◆ Activity
Locate "11545 - Vehículo" in the data below, then output the line it is on and all following lines through the last, word for word. Skip any pictures.

◆ Working data
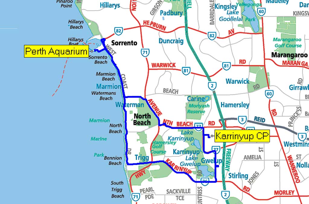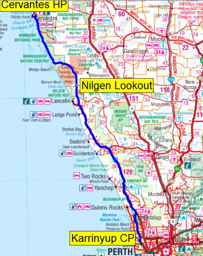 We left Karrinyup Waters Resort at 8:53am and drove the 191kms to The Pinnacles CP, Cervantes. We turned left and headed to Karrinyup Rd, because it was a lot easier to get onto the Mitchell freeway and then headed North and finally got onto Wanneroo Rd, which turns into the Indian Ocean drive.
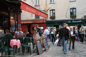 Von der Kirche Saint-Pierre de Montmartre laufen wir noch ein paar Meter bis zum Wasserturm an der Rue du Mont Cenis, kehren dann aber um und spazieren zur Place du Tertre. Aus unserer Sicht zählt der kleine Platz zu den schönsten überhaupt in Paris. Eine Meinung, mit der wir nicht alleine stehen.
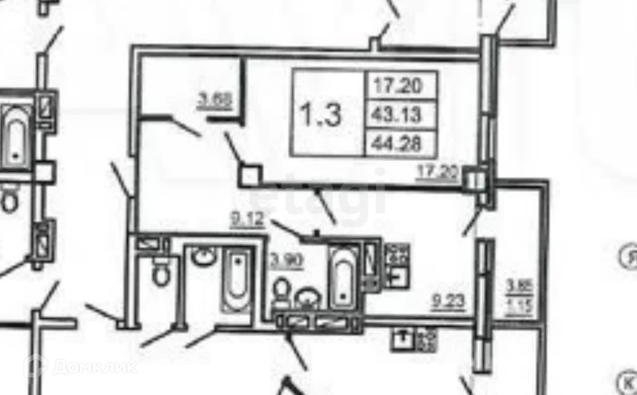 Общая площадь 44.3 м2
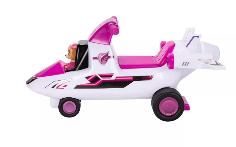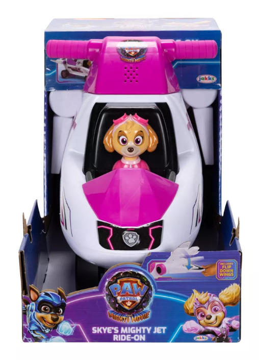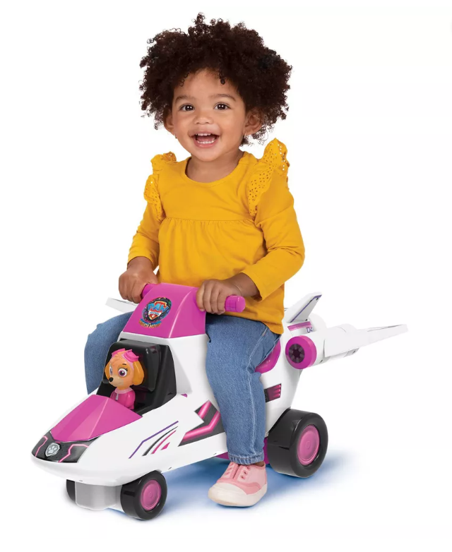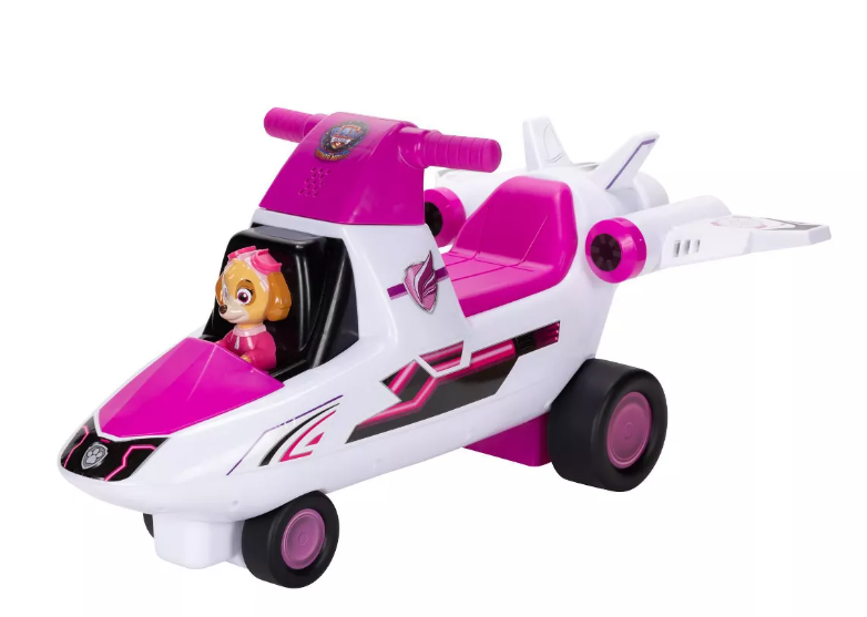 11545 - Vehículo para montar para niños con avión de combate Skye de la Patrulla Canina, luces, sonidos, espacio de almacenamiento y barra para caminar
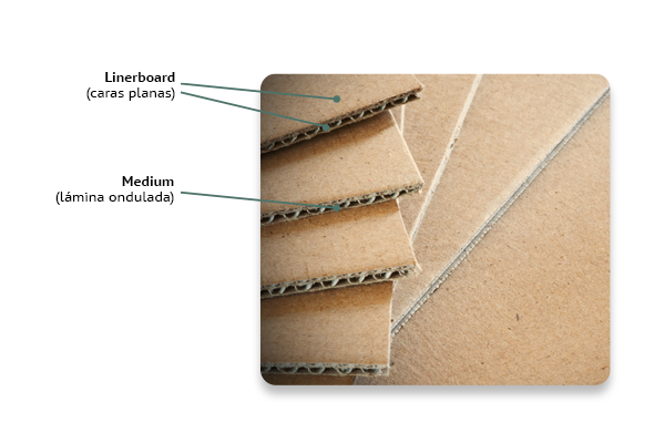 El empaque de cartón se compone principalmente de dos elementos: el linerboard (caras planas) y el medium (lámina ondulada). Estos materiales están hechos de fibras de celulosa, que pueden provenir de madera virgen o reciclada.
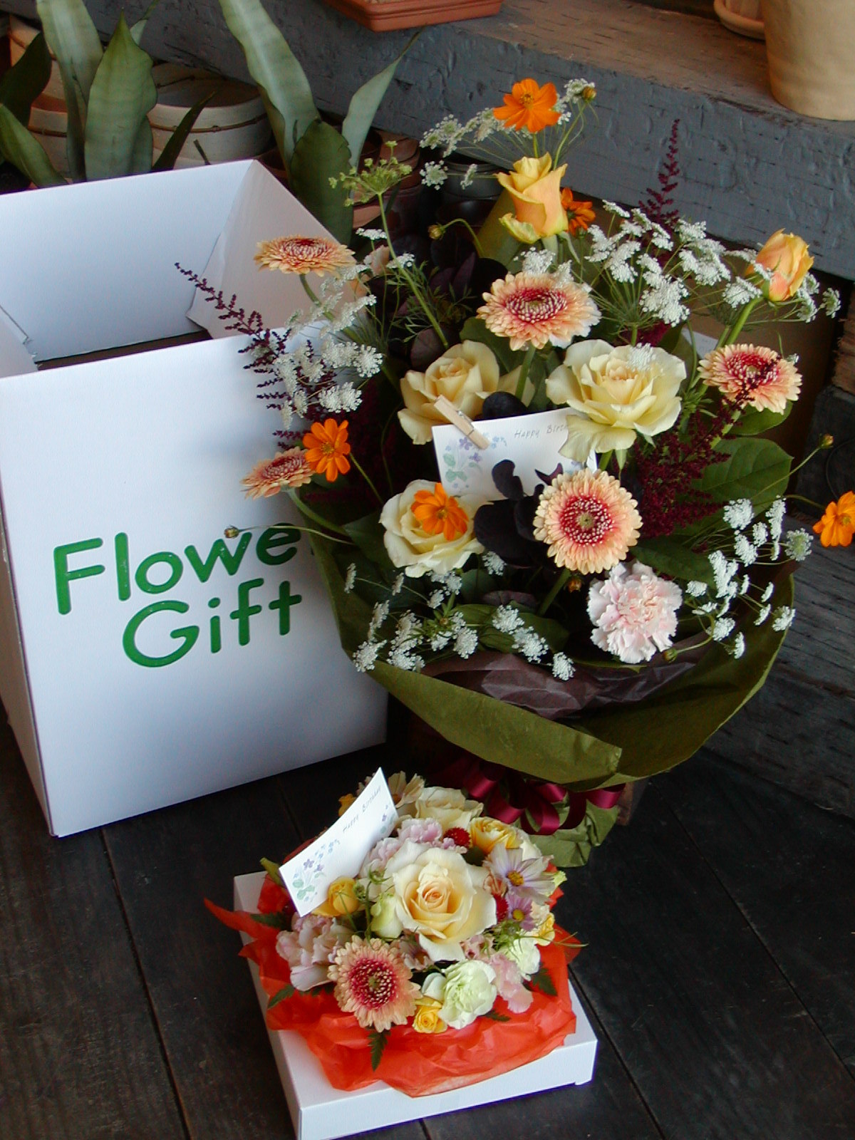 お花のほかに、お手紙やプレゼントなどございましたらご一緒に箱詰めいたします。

◆ Answer to the problem
 11545 - Vehículo para montar para niños con avión de combate Skye de la Patrulla Canina, luces, sonidos, espacio de almacenamiento y barra para caminar
 El empaque de cartón se compone principalmente de dos elementos: el linerboard (caras planas) y el medium (lámina ondulada). Estos materiales están hechos de fibras de celulosa, que pueden provenir de madera virgen o reciclada.
 お花のほかに、お手紙やプレゼントなどございましたらご一緒に箱詰めいたします。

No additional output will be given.